WHAT IS EXPECTED
Pictures are to be left out, and only the lines below starting at the one with "Анальная втулка Kanikule" and ending at the one with "최고 몸무게를 달성했다." are to be reproduced, each exactly, both ends included.

SUPPLIED MATERIAL
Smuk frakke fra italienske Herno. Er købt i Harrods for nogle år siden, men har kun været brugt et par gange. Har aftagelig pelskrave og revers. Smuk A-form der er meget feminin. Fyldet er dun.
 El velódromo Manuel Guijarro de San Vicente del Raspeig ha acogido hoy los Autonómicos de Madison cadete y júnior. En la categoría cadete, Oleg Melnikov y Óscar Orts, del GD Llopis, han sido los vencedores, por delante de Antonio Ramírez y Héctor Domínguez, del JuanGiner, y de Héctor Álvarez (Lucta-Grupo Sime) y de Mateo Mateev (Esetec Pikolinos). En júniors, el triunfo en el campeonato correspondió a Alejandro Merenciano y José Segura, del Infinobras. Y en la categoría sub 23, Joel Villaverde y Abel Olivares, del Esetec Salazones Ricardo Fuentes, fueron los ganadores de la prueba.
==
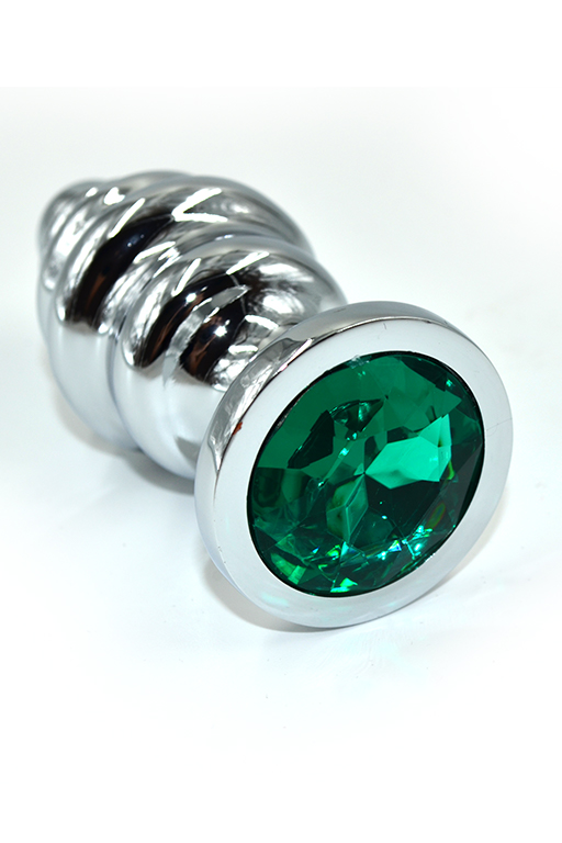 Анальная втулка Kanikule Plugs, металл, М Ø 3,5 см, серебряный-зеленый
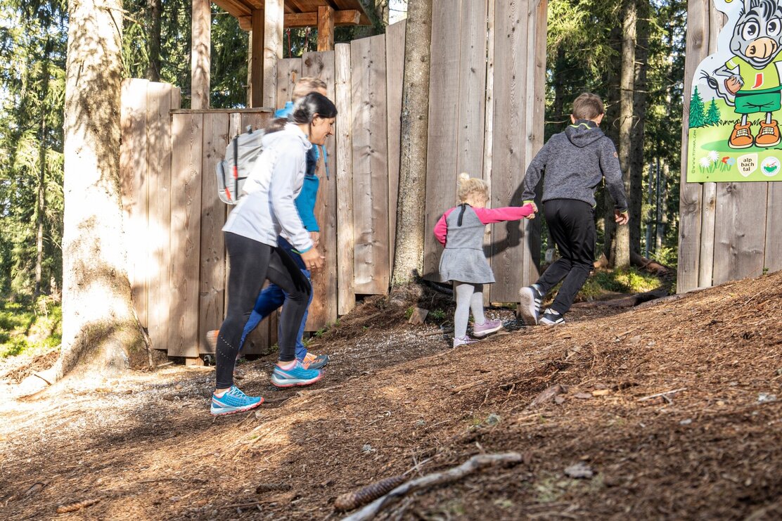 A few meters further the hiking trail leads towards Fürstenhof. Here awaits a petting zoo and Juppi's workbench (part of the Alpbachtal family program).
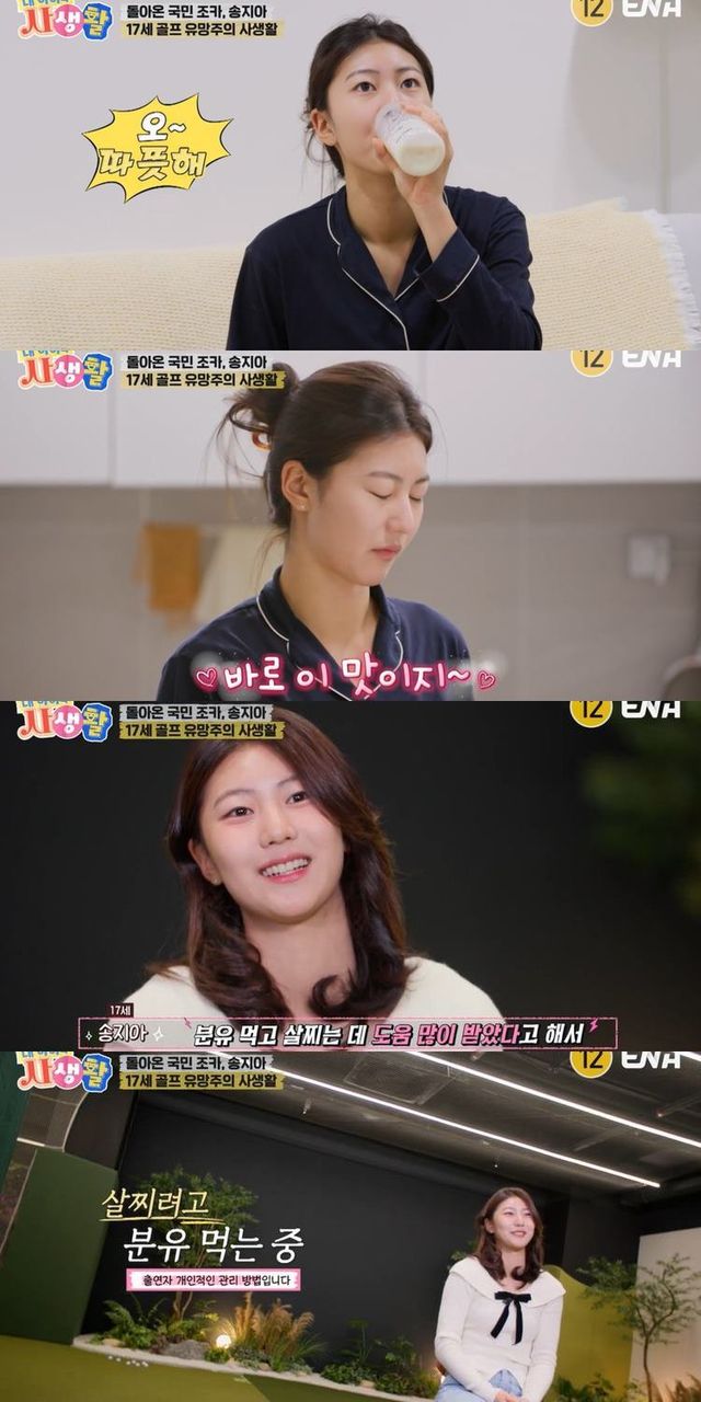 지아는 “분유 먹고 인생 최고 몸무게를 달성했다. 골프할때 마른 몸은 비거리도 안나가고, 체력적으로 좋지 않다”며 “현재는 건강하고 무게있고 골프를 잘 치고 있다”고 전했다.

FINISHED EXERCISE
 Анальная втулка Kanikule Plugs, металл, М Ø 3,5 см, серебряный-зеленый
 A few meters further the hiking trail leads towards Fürstenhof. Here awaits a petting zoo and Juppi's workbench (part of the Alpbachtal family program).
 지아는 “분유 먹고 인생 최고 몸무게를 달성했다. 골프할때 마른 몸은 비거리도 안나가고, 체력적으로 좋지 않다”며 “현재는 건강하고 무게있고 골프를 잘 치고 있다”고 전했다.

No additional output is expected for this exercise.